RECORDED DATA: Begin

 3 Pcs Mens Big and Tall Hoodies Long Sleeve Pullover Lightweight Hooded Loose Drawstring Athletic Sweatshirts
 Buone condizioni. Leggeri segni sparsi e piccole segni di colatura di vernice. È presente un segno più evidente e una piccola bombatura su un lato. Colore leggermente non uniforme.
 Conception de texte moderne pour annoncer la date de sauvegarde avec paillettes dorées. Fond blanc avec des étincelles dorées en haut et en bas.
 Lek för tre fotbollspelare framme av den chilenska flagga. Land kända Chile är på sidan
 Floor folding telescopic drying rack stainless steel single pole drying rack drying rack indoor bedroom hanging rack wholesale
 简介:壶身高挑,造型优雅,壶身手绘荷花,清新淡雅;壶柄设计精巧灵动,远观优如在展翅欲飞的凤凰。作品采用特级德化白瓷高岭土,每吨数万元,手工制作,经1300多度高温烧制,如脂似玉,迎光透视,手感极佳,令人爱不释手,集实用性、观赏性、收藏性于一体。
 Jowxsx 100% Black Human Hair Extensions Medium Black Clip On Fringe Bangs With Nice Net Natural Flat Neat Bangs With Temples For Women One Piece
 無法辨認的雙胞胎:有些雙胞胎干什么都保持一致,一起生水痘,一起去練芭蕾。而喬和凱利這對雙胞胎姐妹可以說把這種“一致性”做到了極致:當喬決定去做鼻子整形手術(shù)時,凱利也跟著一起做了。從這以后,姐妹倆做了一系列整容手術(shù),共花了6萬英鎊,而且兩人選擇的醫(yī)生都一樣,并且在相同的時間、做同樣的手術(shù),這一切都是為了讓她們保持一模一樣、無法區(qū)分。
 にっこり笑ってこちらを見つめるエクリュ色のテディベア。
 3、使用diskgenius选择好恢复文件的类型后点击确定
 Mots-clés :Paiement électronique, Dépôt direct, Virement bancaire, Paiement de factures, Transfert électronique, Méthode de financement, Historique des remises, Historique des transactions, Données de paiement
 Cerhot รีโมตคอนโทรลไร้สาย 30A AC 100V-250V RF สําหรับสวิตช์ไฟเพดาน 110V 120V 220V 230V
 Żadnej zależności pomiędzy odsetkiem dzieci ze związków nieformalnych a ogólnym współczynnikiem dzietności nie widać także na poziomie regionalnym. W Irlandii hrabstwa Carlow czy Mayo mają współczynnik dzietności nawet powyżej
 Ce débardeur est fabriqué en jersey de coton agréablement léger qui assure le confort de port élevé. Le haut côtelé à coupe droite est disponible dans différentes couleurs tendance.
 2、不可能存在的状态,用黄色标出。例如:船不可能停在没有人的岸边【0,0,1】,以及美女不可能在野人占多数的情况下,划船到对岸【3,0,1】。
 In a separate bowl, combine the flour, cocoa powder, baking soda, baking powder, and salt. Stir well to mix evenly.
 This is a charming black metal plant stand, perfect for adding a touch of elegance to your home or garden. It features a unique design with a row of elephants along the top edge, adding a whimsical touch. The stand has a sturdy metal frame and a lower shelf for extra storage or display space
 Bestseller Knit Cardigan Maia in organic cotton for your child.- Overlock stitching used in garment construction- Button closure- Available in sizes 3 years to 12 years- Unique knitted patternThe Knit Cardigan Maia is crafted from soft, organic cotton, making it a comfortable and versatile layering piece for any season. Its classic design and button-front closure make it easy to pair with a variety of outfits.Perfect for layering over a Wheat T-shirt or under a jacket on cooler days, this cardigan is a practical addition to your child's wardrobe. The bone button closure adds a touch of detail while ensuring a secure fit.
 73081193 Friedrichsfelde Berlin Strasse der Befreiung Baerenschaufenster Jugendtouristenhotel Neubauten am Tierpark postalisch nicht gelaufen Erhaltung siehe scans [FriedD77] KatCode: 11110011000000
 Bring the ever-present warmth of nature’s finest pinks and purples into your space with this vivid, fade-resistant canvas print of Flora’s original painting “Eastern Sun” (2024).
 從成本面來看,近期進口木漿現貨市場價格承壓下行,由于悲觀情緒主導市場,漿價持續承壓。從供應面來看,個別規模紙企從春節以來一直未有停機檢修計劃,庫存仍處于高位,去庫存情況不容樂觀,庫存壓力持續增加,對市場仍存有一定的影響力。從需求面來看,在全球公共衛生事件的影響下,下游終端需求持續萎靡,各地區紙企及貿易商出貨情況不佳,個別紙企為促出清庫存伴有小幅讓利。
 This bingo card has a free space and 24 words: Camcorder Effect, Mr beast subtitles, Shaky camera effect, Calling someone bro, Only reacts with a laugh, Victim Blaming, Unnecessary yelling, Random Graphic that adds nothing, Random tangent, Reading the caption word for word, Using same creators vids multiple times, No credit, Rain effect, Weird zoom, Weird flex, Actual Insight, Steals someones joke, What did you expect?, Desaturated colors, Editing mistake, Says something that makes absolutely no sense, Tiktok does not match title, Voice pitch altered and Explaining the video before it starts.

RECORDED DATA: End

**ACTION ITEM:** Your task is to restate, word for word, only those lines above that fall between the line holding "Cerhot รีโมตคอนโทรลไร้สาย 30A" and the line holding "In a separate", inclusive.

**TASK ANSWER:**
 Cerhot รีโมตคอนโทรลไร้สาย 30A AC 100V-250V RF สําหรับสวิตช์ไฟเพดาน 110V 120V 220V 230V
 Żadnej zależności pomiędzy odsetkiem dzieci ze związków nieformalnych a ogólnym współczynnikiem dzietności nie widać także na poziomie regionalnym. W Irlandii hrabstwa Carlow czy Mayo mają współczynnik dzietności nawet powyżej
 Ce débardeur est fabriqué en jersey de coton agréablement léger qui assure le confort de port élevé. Le haut côtelé à coupe droite est disponible dans différentes couleurs tendance.
 2、不可能存在的状态,用黄色标出。例如:船不可能停在没有人的岸边【0,0,1】,以及美女不可能在野人占多数的情况下,划船到对岸【3,0,1】。
 In a separate bowl, combine the flour, cocoa powder, baking soda, baking powder, and salt. Stir well to mix evenly.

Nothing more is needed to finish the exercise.